Chattie put a hand to her mouth. ‘Rich! I forgot about him. Apart from a walk earlier he’s been locked up on the veranda.’
‘You’ve got a dog?’ Brett queried alertly.
‘Yes. Would you like to see him?’
Steve changed direction towards the guest bedroom veranda and put Brett down. He immediately raced towards the veranda.
‘Rich adores kids,’ Chattie said. ‘And he might just distract Brett.’
Events proved exactly that.
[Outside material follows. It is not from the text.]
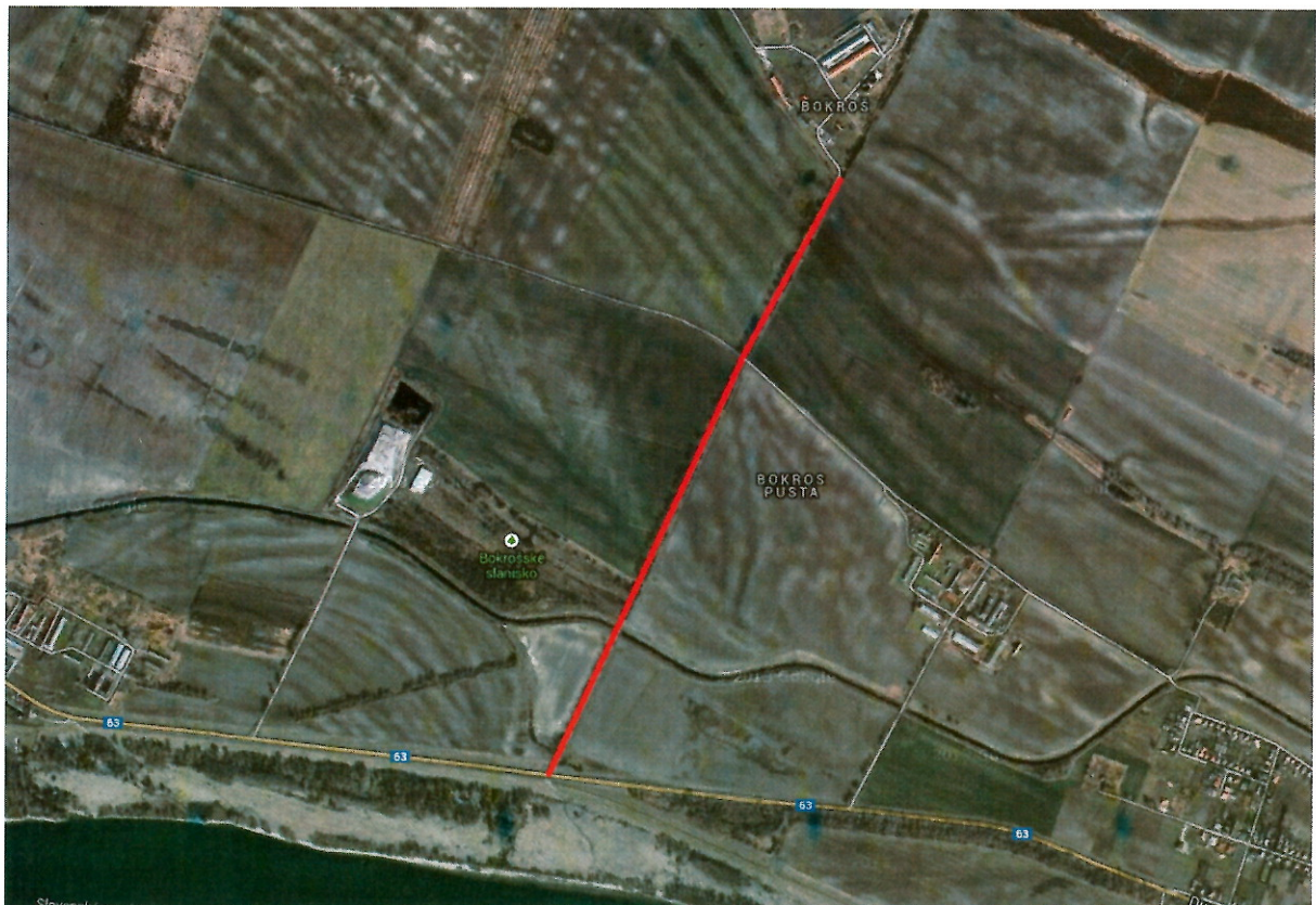
Vyznačená cesta na Bokroš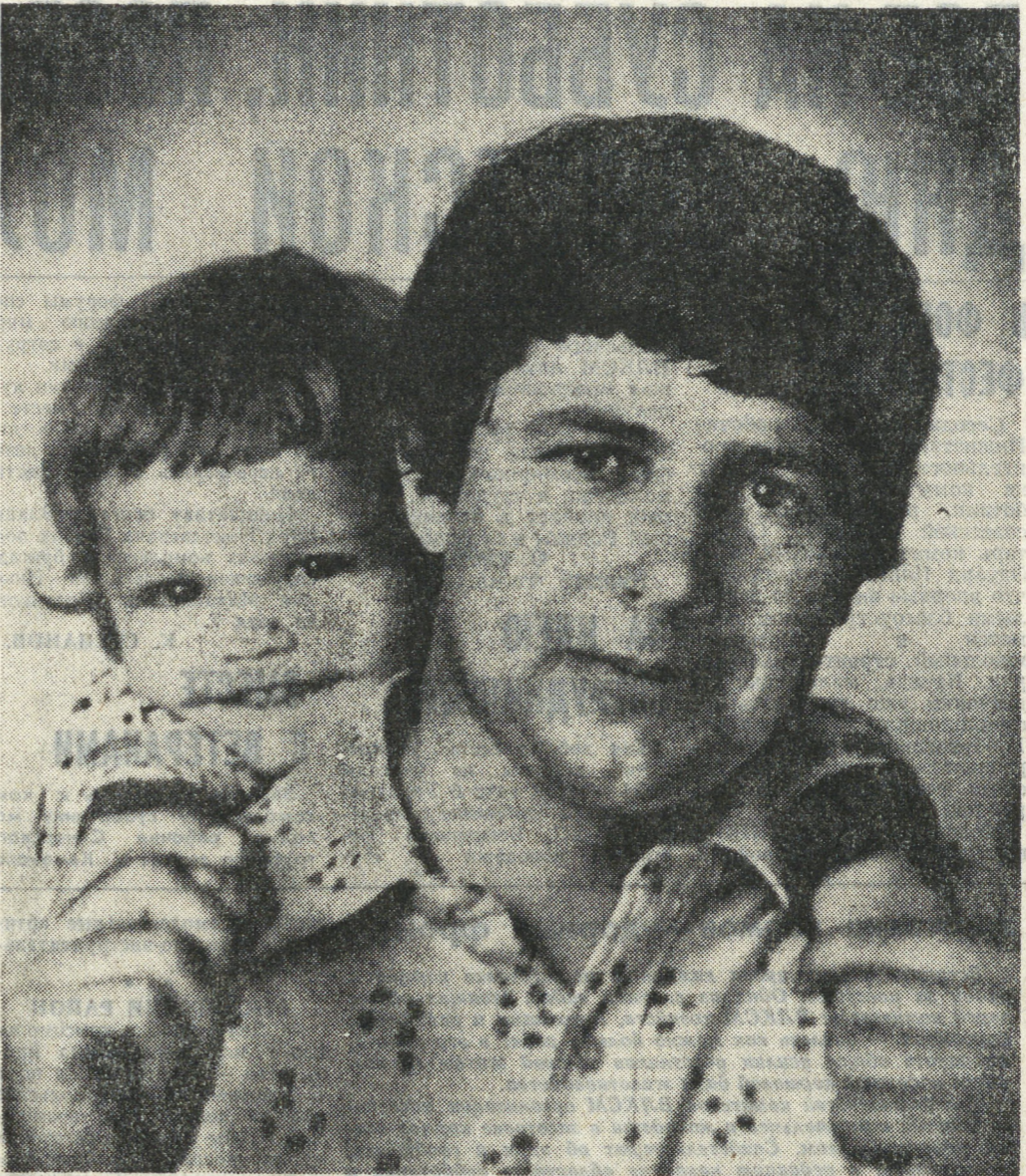
НА СНИМКАХ: после нелегкой работы чано-гравийного карьера.

Rich streaked down the veranda steps as Brett opened the gate, flung himself up at Chattie briefly, ignored Steve totally, and then raced back to Brett with obvious delight.
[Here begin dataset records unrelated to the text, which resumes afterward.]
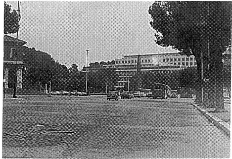
写真-1 FAO 本部本館（旧イタリア植民地省）

FAO地域事務所はチャオ・プラヤの畔にあり鉄筋コンクリート造りの新館と木造の旧館から成り、我々の林業プロジェクトは旧館の2階の一角を占有していた。かっ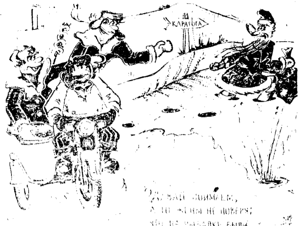
Новогодние шутки Бориса ДЕМЬЯНЕНКО.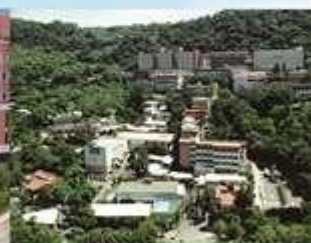
台北校園 Taipei Campus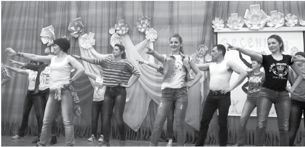
Педагоги блеснули на школьной сцене

В первые дни марта в школе №19 стартовал большой творческий проект - танцевальный фестиваль «Весенняя капель».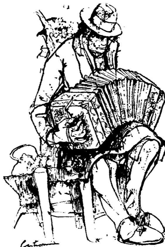
Imágenes de tango, de Castagnino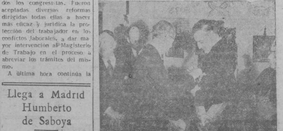
El embajador de Venezuela, señor Mijares, en el momento de imponer al ministro de Asuntos Exteriores, señor Martín Artajo, el gran cordón de la Orden del Libertador, acto celebrado en los salones de la Embajada de Venezuela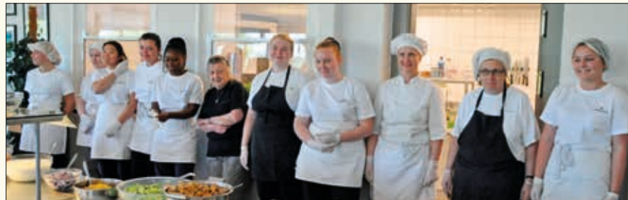
Maten på Gjennestad er helt fantastisk, velsmakende og nydelig presentert. Kjøkkengjengen gjør en strålende innsats.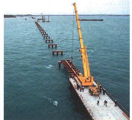
Die 19 km lange Krim-Brücke im Bau.

Parallel zur Brückeneröffnung verstärkte Russlands Führung die Streitkräfte auf der Krim: Sie stationierte dort weitere S-400-Boden-Luft-Raketen, die den Luftraum an der Grenze zur Ukraine kontrollieren.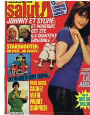
N° 125 - 09/07/1980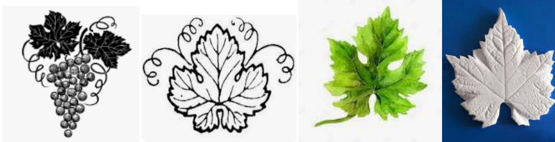
3-rasm. Uzum mevasi va bargini tasvirlash

Bu naqshni o'rganishda talabalar dastlab amaliy tasviriy faoliyat jarayonida uzum mevasi va bargi ko'rinishlarini tasvirlashni nazriy va amaliy jihatdan o'rganadilar. (3-rasm). Shundan so'ng tanlangan shakl va naqsh elementlarini naqsh kompozitsiyasi tarkibiga qo'shish uchun bezak shakliga chizib keltiradilar. Bunda talabalar bir butun yaxlit islimiy naqshning tashqi ko'rinishlarini bir nechata badiiy chiziqlar yordamida aniq va o'ziga o'xshash qilib tasvirleydilar.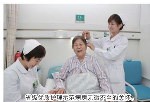
省级优质护理示范病房无微不至的关怀。

‘I see what you mean,’ Steve commented.
‘It makes my blood boil all over again, to th
ink that anyone could have done that to a dog who gives so much pleasure,’ she said.
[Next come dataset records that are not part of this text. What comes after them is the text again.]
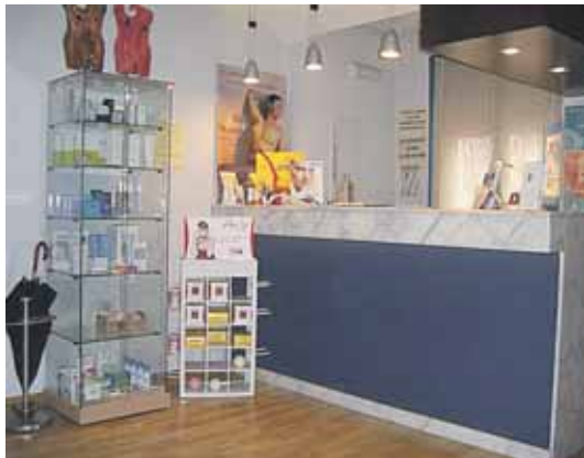
Leform realizará una jornada de puertas abiertas el 4 y 5 de noviembre.

El precio de todo esto es simbólico ya que sólo son 10 euros por asesoramiento y prueba o masaje. Todo bajo petición de hora en el teléfono: 983 33 02 80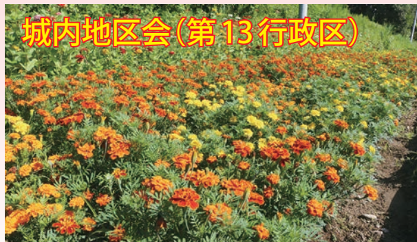
城内地区会(第 13 行政区)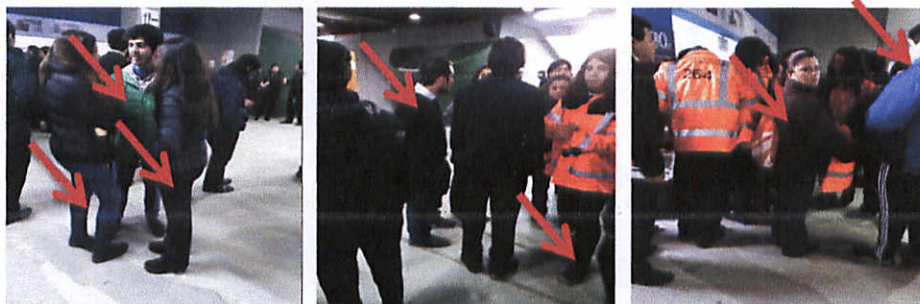
Fot.1: 3 personas

En este encuentro se aprecian 7 personas que no utilizan uniforme requerido, conforme el registro fotográfico.

He looked down at her with a faint frown, as if something was puzzling him about her, but in the end all he said was, ‘It is hard to understand. Do you think we deserve a cup of coffee?’
She nodded after a moment.
‘Stay here, I’ll get it.’
Chattie stared after him, prey to some conflicting emotions. Thanks to his cool control and meticulous following of the flying doctor’s instructions before the plane had arrived, Slim had had the best treatment he could have had in the circumstances and now had a good chance of recovery.
And it slid into her mind that Steve Kinane was a good man to have beside you in crisis—unless you happened to hate his guts.
He brought, not only coffee, but also buttered raisin toast to her veranda. Brett and Rich were now playing with a ball on the lawn.
It was a beautiful morning, clear and sunny, not a cloud in the sky and not too hot. She suspected that midsummer would be very hot at Mount Helena but at the moment, as April slid into May, autumn was a pleasure and the gold-cloaked hills behind the house stood out in such clarity, Chattie longed to have a paintbrush in her fingers.
‘That’s one problem in hand,’ he said as he poured the coffee.
Chattie brought her mind back from the landscape. ‘Brett?’ she hazarded. ‘I gather Harriet has already left?’
‘At the crack of dawn.’
‘What will you do?’
He studied her over the rim of his cup. She wore jeans and a blue blouse and her hair was plaited to one side. After her initial shock, she’d been both practical and very helpful with Slim and in dealing with Brett. Was that any reason to be contemplating what he was contemplating out of the blue, however? It just didn’t make sense to ask her to stay on for a while—or, on one level, at least, did it? The level that this mysterious girl intrigued him…
‘My life,’ he observed carefully after a long moment, ‘has suddenly become extremely complicated. I have no housekeeper, Brett has no parents, I’m minus a station foreman as well as my brother and all in the space of less than twenty-four hours.’